Last week Samsung announced the Gear VR, an Android virtual reality headset developed by the guys over at Oculus. According to John Carmack, getting virtual reality running on Android was no easy task and due to the lack of native code development, creating applications for the platform is “no fun at all”.
Speaking to Gamasutra, Carmack said: “There’s the normal hell of moving to a new platform—and I gotta say, Android was more hell to move to than most consoles I’ve adopted. Just because of the way Google has to position things across a diverse hardware spectrum, and because Google still doesn’t really endorse native code development—they’d still rather everyone worked in Java. “
“That’s a defensible position, but it’s certainly not what you want to be doing on a resource-constrained VR system. So brace yourself: Android setup and development really does suck.
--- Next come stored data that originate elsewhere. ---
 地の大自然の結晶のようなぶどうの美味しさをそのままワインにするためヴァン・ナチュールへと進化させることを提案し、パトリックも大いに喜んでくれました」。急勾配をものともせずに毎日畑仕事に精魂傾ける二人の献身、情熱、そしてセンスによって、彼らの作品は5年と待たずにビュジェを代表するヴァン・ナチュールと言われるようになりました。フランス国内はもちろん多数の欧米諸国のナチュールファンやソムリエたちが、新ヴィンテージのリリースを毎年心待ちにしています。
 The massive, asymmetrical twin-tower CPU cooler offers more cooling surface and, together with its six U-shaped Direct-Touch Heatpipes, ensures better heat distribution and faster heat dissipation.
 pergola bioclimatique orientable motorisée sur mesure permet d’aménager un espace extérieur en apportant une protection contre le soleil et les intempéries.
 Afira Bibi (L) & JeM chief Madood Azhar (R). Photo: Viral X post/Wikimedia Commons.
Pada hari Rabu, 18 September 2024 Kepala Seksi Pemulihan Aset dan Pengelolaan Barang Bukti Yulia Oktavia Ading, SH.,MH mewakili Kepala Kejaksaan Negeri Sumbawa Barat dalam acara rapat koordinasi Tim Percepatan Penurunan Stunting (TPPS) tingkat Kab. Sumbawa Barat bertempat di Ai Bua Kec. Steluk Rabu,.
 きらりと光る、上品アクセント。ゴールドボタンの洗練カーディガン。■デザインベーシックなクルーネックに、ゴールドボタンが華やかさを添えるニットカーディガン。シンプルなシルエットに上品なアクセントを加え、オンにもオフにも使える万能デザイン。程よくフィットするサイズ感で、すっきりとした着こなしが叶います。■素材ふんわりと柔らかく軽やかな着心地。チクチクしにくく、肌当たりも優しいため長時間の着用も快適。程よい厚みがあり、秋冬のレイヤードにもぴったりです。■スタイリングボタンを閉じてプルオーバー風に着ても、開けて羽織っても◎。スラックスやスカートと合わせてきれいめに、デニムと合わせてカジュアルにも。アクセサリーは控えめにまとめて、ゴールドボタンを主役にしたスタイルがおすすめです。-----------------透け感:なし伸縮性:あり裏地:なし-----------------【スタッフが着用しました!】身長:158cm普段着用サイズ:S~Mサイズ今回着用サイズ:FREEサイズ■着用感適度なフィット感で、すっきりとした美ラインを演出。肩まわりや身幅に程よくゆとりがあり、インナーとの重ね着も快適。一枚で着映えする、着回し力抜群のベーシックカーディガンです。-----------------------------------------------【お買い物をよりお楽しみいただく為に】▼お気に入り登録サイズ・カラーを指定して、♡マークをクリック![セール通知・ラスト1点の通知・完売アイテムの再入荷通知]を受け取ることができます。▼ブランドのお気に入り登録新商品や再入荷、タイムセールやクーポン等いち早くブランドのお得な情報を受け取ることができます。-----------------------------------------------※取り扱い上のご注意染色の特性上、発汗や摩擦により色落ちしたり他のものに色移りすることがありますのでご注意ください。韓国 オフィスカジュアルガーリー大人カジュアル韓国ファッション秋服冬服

It’s no fun at all.”
Another big challenge Carmack faced while bringing virtual reality to the Galaxy Note 4 was power management, not just to sustain battery life but to avoid over heating the phone within minutes.
“The power issue is going to be a big battle, and it’s going to be interesting to see because we don’t know yet how many people will like smaller nuggets of entertainment experiences instead of longer-form things. e’re hoping developers make a lot of short, bite-sized nuggets of entertainment because they work well on mobile—they don’t tax the thermal and power so much, and they also have another benefit: since we don’t have positional tracking on mobile, we know we’re going to cause problems for more sensitive people.”
Discuss on our Facebook page, HERE.
KitGuru Says: Samsung is set to sell the Gear VR headset but from the sounds of things- it might not be such a great idea. Developers may struggle to create apps that don't overheat the phone. We will have to see how things go but I don't see virtual reality becoming a huge thing on mobile devices. What do you guys think?
Source: Gamasutra
I think it was a stupid idea to diversify virtual reality onto phones in the first place. Sure it’s expanding the market and giving everyone a chance of the experience but the screen isn’t optimised for side-by-side stereoscopy and the device itself isn’t made for something as intensive and intricate as VR in pretty much every single possible way. Just stick to the devices that will somewhat be able to run VR to an acceptable standard, this being computers and possibly consoles
But of course companies want to chase the pot of gold as soon as possible. I think moblie-VR will be more viable in at least a year or two, but not right now.
until we see VR with sensible, IPS monitor resolutions phones should be able to power them easily.
Common Devs, wheres the 1080p headset? 4k monitors are common already
“…the screen isn’t optimised for side-by-side stereoscopy…” http://www.engadget.com/2014/07/31/oculus-rift-dev-kit-2-samsung/
If what you say is true then there is no mainstream VR implementation that uses an “optimised” screen.